• [Excerpted data]:

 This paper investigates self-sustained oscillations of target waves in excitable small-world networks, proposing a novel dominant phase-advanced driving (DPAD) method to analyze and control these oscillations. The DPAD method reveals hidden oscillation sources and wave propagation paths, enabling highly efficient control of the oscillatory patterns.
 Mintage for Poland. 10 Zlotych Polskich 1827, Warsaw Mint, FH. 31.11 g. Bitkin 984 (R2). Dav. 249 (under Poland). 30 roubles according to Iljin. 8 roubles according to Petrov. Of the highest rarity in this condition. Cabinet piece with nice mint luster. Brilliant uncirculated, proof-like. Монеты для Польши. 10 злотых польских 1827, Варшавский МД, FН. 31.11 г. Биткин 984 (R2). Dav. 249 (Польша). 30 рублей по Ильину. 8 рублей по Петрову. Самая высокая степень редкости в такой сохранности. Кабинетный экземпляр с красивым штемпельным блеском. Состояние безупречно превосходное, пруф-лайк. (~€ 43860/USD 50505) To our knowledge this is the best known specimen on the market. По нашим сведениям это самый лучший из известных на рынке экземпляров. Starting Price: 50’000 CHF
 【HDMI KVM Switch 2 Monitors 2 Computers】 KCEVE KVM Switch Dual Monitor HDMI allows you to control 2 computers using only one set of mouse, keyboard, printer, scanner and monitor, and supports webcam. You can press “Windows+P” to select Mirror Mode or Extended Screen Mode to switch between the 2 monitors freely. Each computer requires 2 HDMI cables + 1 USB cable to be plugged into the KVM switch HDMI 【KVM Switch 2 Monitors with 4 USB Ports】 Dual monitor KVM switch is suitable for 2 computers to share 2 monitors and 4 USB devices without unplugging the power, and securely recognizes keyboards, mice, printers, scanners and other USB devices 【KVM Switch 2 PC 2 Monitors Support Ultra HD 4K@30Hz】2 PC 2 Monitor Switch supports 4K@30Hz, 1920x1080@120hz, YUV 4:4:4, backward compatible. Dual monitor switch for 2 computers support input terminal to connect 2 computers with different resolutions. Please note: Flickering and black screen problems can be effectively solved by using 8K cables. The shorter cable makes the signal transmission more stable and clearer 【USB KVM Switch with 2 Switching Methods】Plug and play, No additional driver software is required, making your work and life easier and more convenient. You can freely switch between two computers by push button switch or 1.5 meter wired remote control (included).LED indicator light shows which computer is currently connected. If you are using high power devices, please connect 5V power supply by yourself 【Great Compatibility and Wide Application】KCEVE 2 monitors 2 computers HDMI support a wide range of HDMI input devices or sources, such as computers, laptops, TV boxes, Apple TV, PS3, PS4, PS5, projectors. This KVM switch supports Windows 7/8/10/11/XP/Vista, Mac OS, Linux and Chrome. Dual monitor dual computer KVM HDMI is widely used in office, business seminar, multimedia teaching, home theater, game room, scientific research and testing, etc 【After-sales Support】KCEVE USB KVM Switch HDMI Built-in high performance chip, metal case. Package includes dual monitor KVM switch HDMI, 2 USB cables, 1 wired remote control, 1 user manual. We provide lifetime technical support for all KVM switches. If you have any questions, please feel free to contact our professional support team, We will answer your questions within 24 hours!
---
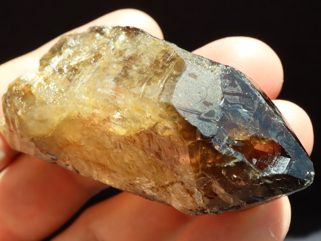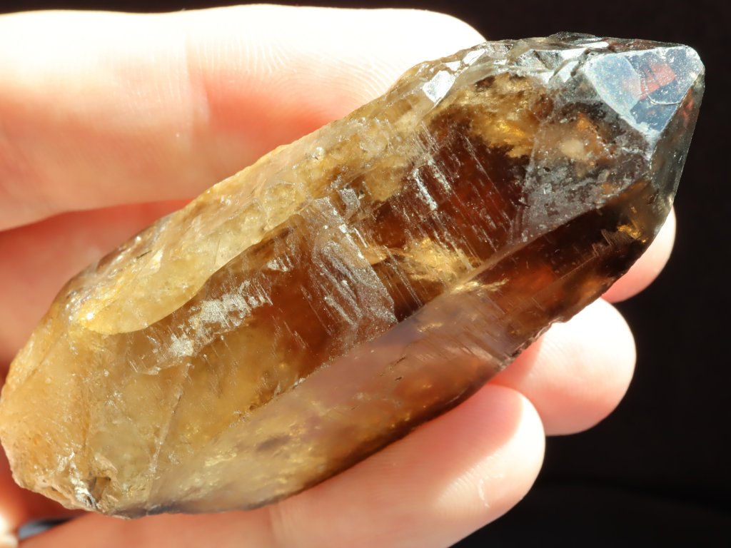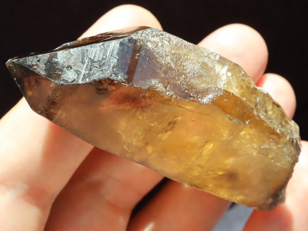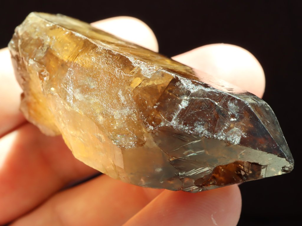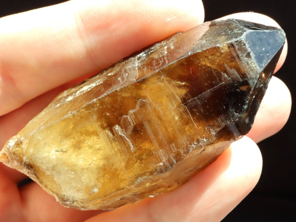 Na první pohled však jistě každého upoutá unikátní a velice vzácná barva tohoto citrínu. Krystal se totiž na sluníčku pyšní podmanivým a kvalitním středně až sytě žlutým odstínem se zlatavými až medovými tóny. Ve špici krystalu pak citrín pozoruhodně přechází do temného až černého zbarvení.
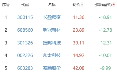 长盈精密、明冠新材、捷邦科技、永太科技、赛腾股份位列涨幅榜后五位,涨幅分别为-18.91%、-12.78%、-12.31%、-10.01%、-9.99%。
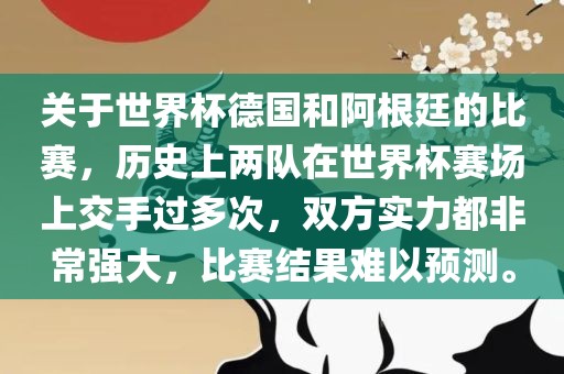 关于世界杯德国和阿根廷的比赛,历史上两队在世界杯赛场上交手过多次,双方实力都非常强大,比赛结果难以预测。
...
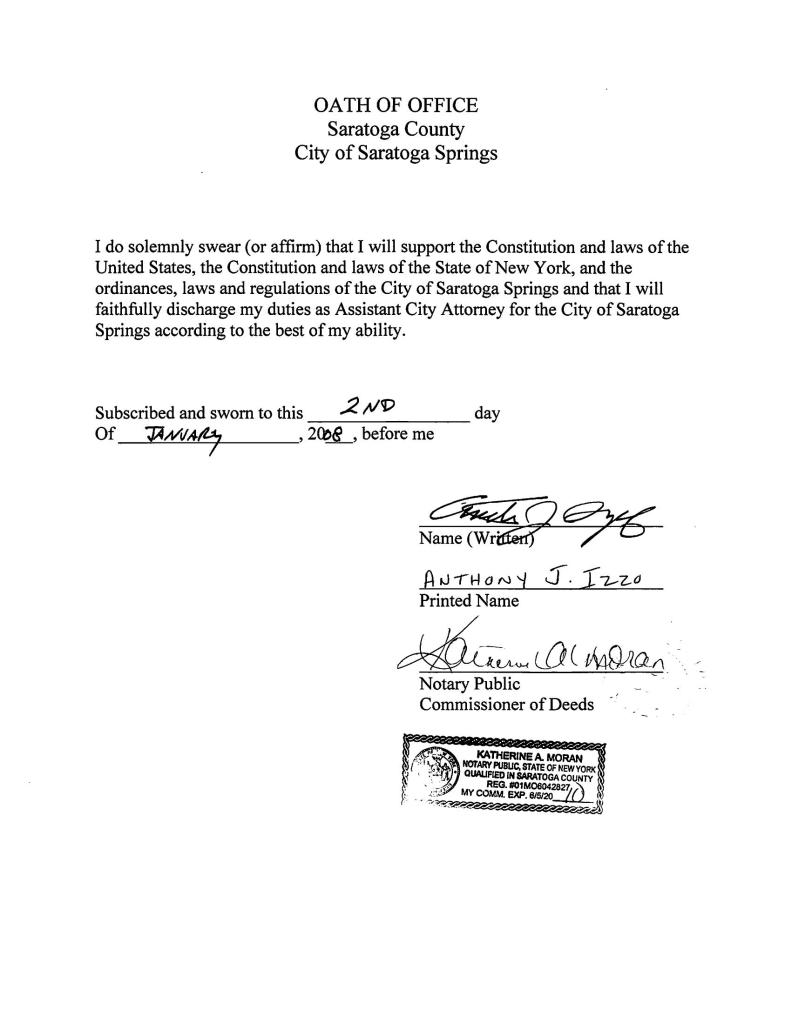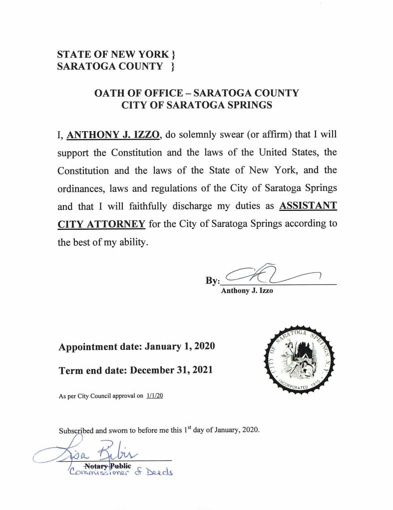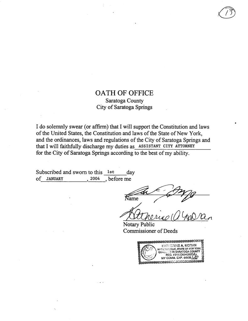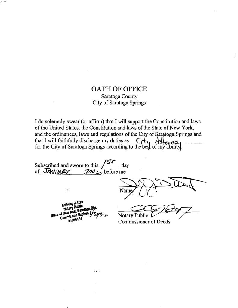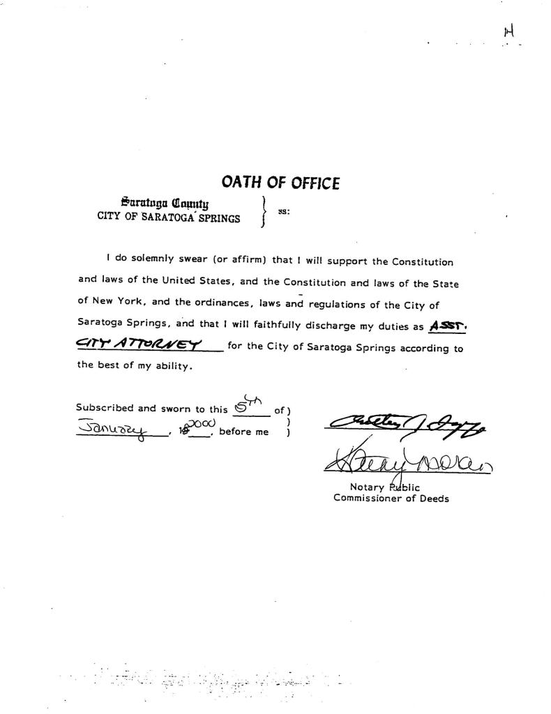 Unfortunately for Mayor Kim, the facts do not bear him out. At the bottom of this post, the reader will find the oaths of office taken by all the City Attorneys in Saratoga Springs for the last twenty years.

• [Problem to solve]: Among the entries above, locate the line with "Na první pohled" and the line with "关于世界杯德国和阿根廷的比赛". Give those two lines and all lines between them again, exactly, leaving out the pictures.

• [Response for this exercise]:
 Na první pohled však jistě každého upoutá unikátní a velice vzácná barva tohoto citrínu. Krystal se totiž na sluníčku pyšní podmanivým a kvalitním středně až sytě žlutým odstínem se zlatavými až medovými tóny. Ve špici krystalu pak citrín pozoruhodně přechází do temného až černého zbarvení.
 长盈精密、明冠新材、捷邦科技、永太科技、赛腾股份位列涨幅榜后五位,涨幅分别为-18.91%、-12.78%、-12.31%、-10.01%、-9.99%。
 关于世界杯德国和阿根廷的比赛,历史上两队在世界杯赛场上交手过多次,双方实力都非常强大,比赛结果难以预测。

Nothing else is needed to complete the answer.